KEIN Mitleid, nur Bedauern über die zig Mrd. Steuergeldveruntreuung.
… und bei Mercedes bricht der Gewinn (auch in diesem Jahr wieder) ein. Und was machen die Automobilbosse? Halten die Klappe und kriechen der Politik weiter bis zum Anschlag hinten rein. Macht endlich den Mund auf und sagt laut und deutlich, was Sache ist. Das seid ihr Euren Aktionären, Euren Kunden und Deutschland als Wirtschaftsstandort schuldig! Falsche Rücksichtnahme hilft nicht weiter.
Normalerweise hätte ich mir vor zwei Jahren schon einen neuen Jahreswagen geholt, aber bei den Preisen und der technischen Verunsicherung fahre ich mein altes Auto weiter. Das werden wohl viele so machen.
Bis dass er auseinanderfällt oder der TÜV uns scheidet. 🙂
Ich fahre bereits meine dritten Dacia Duster und meine Frau den dritten Dacia Sandero. Man kommt locker und preiswert von A nach B. Hier stimmen noch Preis und Leistung.
Dacia ist erfolgreich und die Fahrzeuge sind wertstabiler als die anderer Hersteller.

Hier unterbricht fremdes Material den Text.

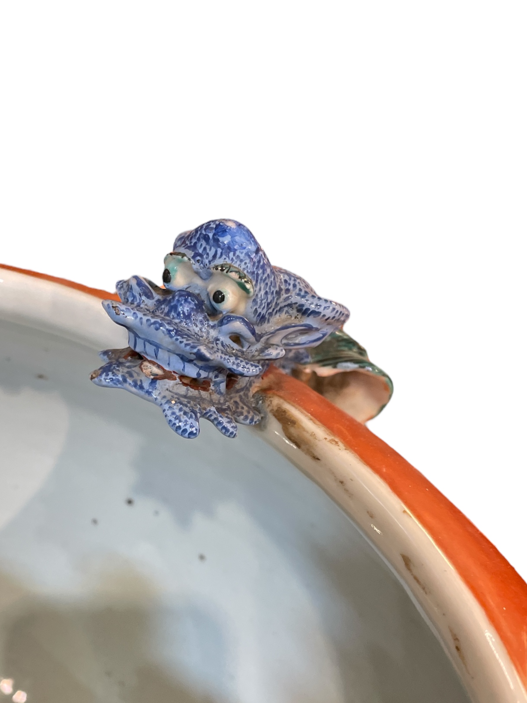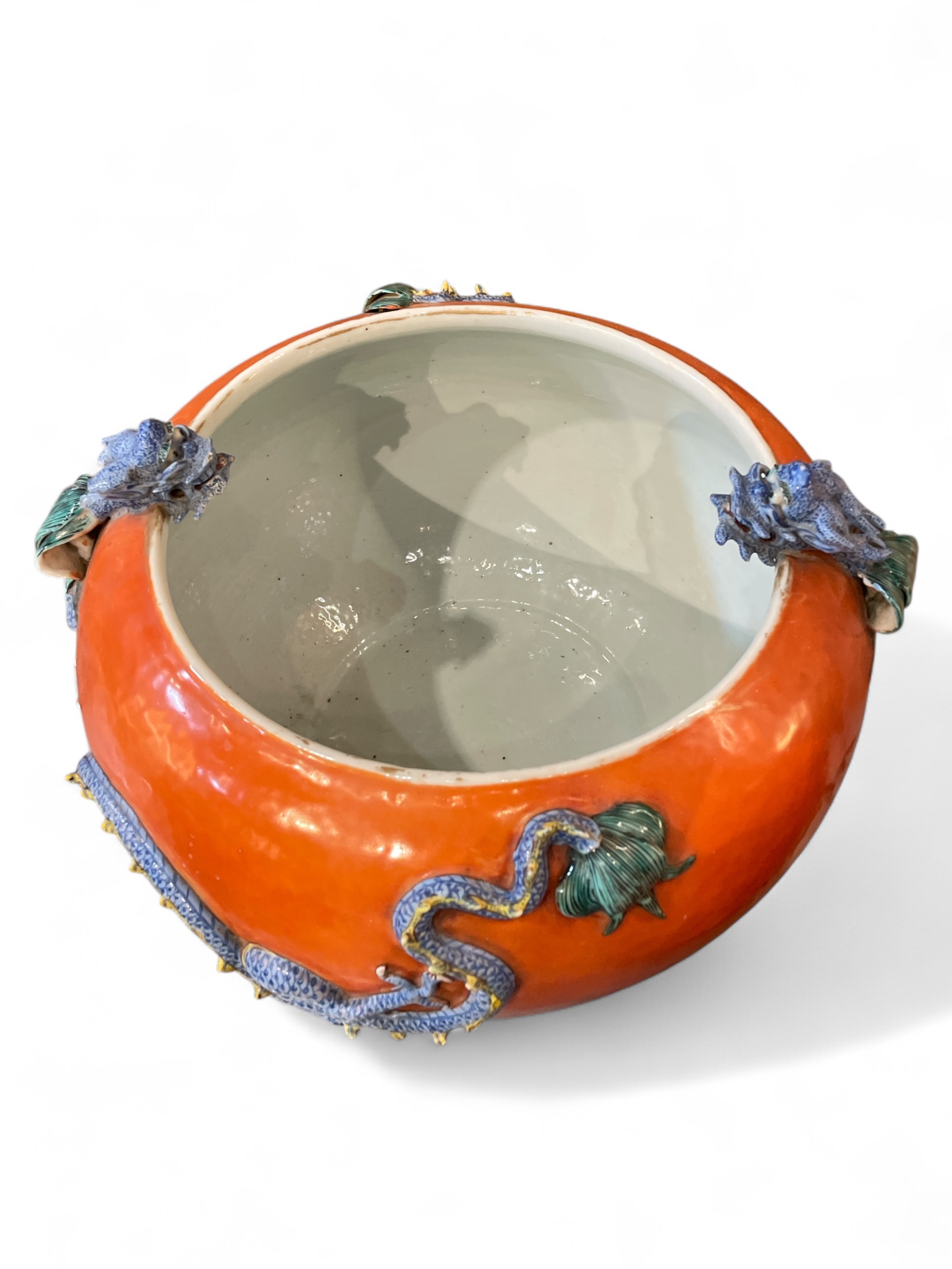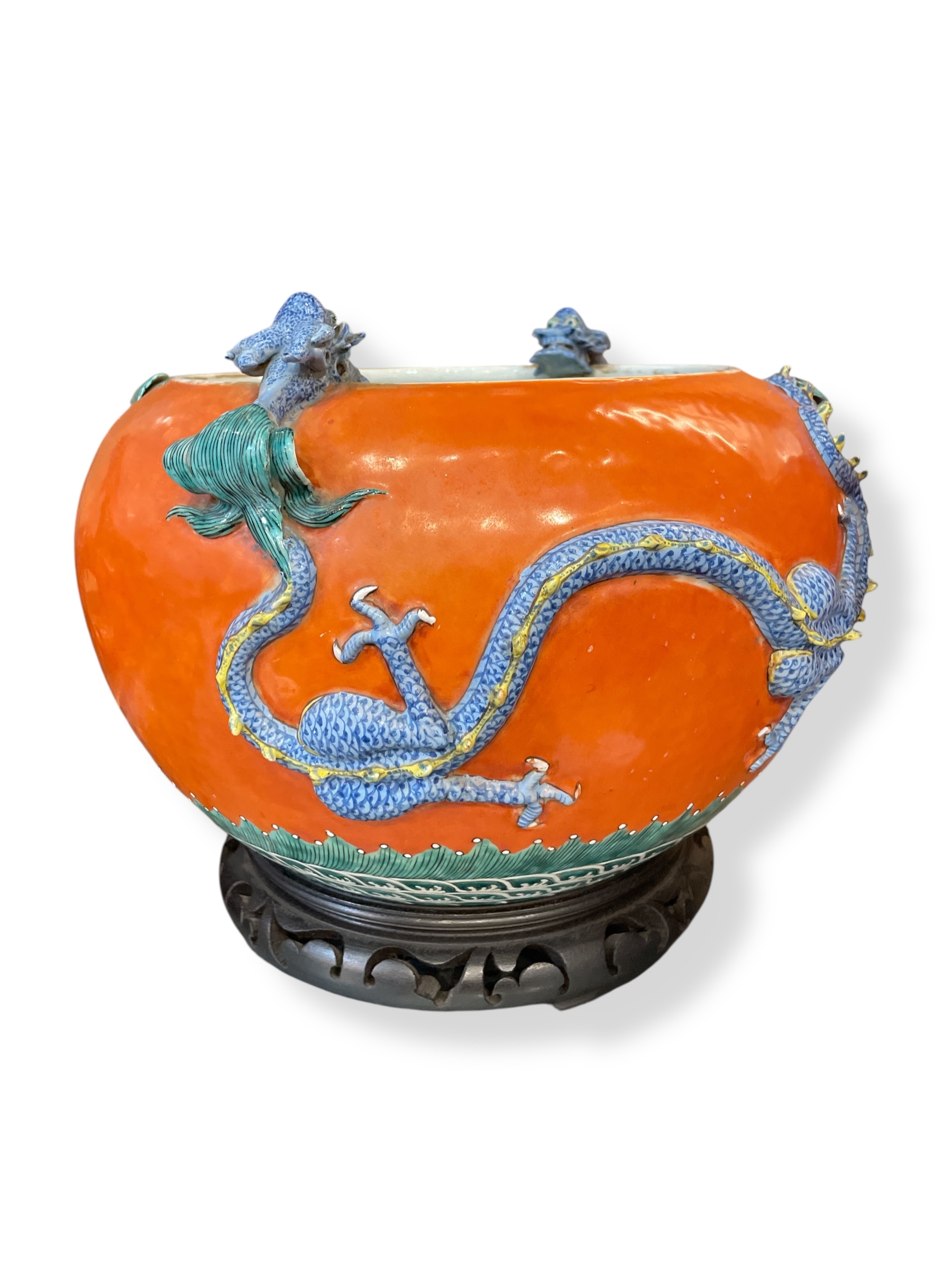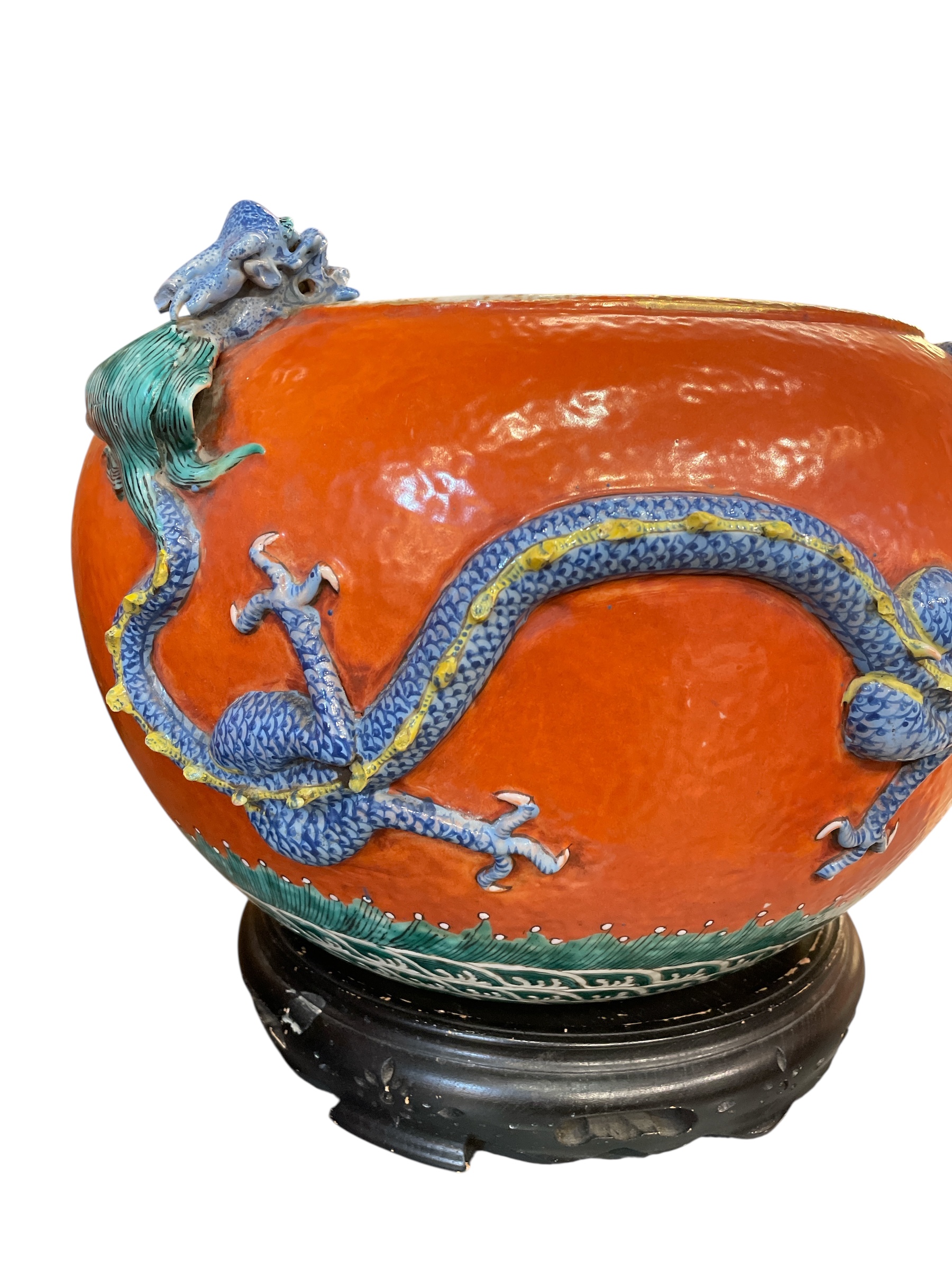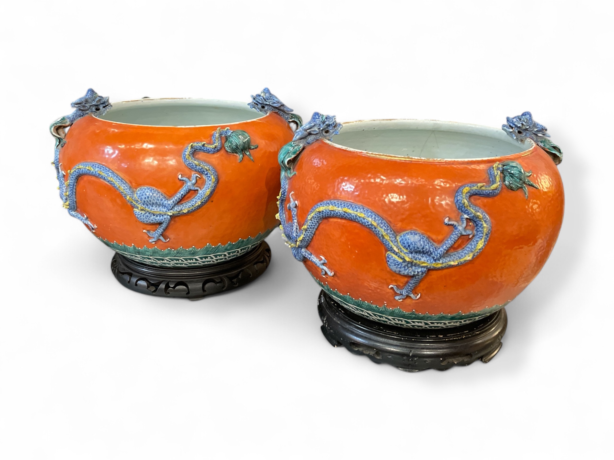 Pair of Chinese polychrome enameled porcelain jardinieres w/ applied dragons above enameled waves, on stands. Late 19th C. (Professional repairs)

Dacia bedient den Markt, den ehemals „Volk“swagen fest in Händen hielt: Autos für all die, die einer geregelten Arbeit nachgehen, ohne dabei stinkreich zu werden.
Im Moment ist auch Stellantis dabei, diesen Markt wiederzuentdecken, z.B. mit dem C3 oder den etwas teureren 208, Grande Panda und Corsa. Aber denen steht halt auch das Wasser bis Oberkante Unterlippe.
Am erfolgreichsten war VW schon immer mit ihren preisgünstigen Autos: Käfer. Golf. Polo.
Aber die Autoindustrie in Deutschland denkt halt immer noch, der deutsche Kunde will die eierlegende Wollmilchsau, koste sie was sie wolle.
Hätten sie mehr auf die „Schwurbler“ und „Verschwörungstheoretiker“ als auf ihre Manager gehört, hätte VW dieses Problem jetzt gar nicht.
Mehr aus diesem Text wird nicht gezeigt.